Though small, Spencer Johnson’s Who Moved my Cheese? also gave me much food for thought. A student introduced me to this book, and his favorite line soon became one of mine: “It is safer to search in the maze than remain in a cheeseless situation.”

Before I get too carried away with more favorites, I just want to reiterate that reading can change a person’s perspective, lift her out of the doldrums, and show her a better way. I’m hoping that my new book, Eve’s Sisters, a compilation of essays applying psychological principles to the women of the Bible AND the women of today, will help people as much as other books have helped me!

Yes to the Best

I’ve been thinking lately about how we become all of the things that we see, hear, read, and experience. We are a composite of all that has come before even when we forget it. Several years ago a good friend of mine was going through a rough patch, and her therapist recommended a little book of meditations entitled The Language of Letting Go by Melody Beattie. My friend gained so much insight and peace from it that it didn’t take much convincing on her part for me to get a copy for myself.

 

In a word, Wow.
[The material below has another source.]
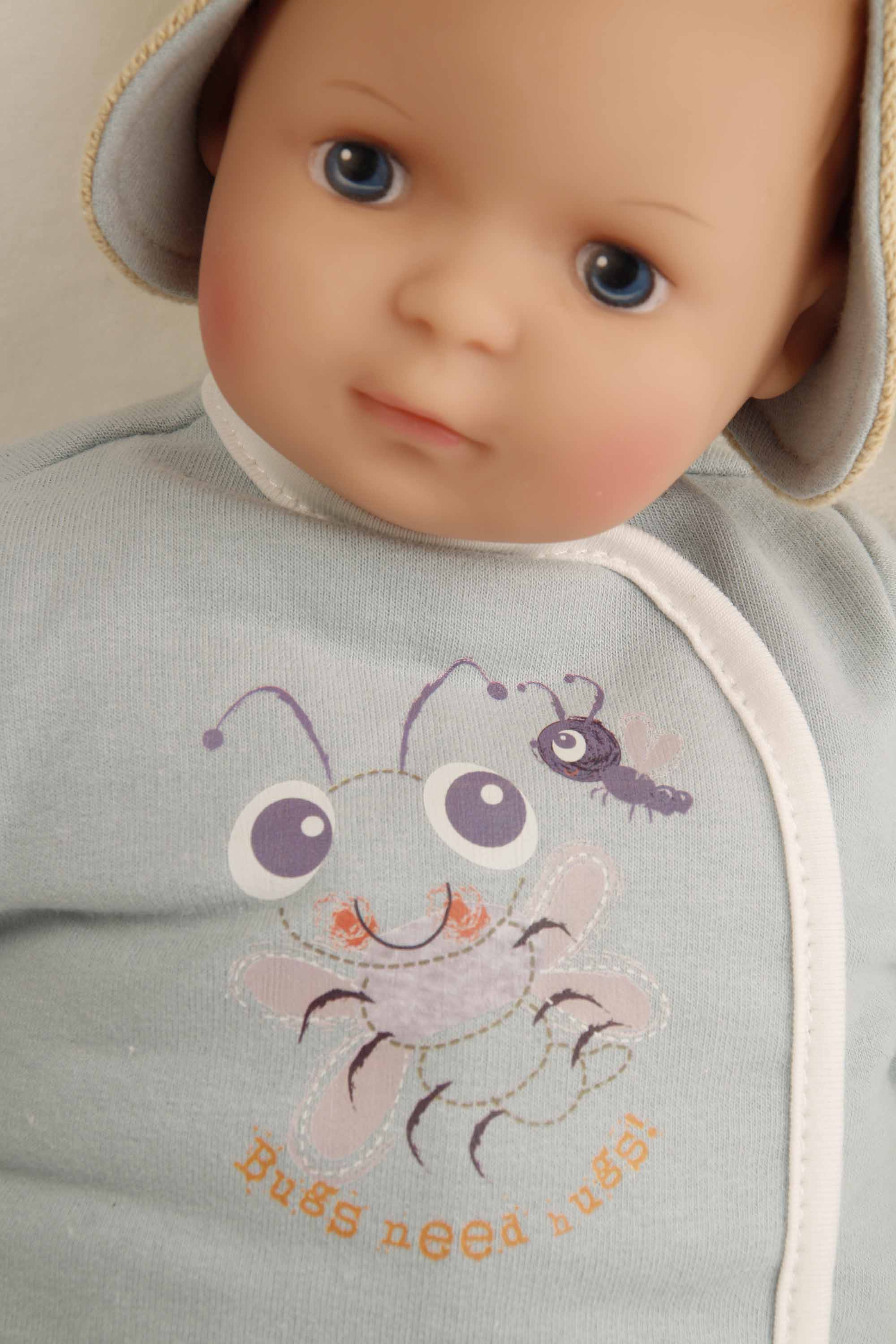 Puppe Schlenkerle 37 cm mit Malhaar und blauen Malaugen, Kleidung Raupe

It seemed as though Melody’s words were written just for me. I bought and gave away several copies of it, and about a month ago, I realized that I no longer had a copy of my own. Thanks to Amazon.com, that problem was solved in a matter of days, and since that time, I’ve been rereading meaningful passages.

 

What’s on my mind today is the author’s treatment of the word yes, my word for last year. Why did I choose that word? Hmmm. After re-reading the August 8 meditation, I’m thinking that maybe I absorbed Melody’s advice into my own heart and soul so much that YES became a part of me. On the chance that her “yes words” might mean something to you, I’m going to list a few:
 

“We can learn to say yes to healthy relationships, to people and activities that are good for us.

We can learn to say yes to ourselves, what we want and need, our instincts, and the leading of our Higher Power.

We can learn to say yes when it feels right to help someone. We can learn to say yes to our feelings. We can learn to identify when we need to take a walk, take a nap, have our back rubbed, or buy ourselves flowers.

We can learn to say yes to work that is right for us.

We can learn to say yes to all that will nurture and nourish us. We can learn to say yes to the best life and love have to offer.”

 

Is that last line powerful or what??? The truth is that way…powerful.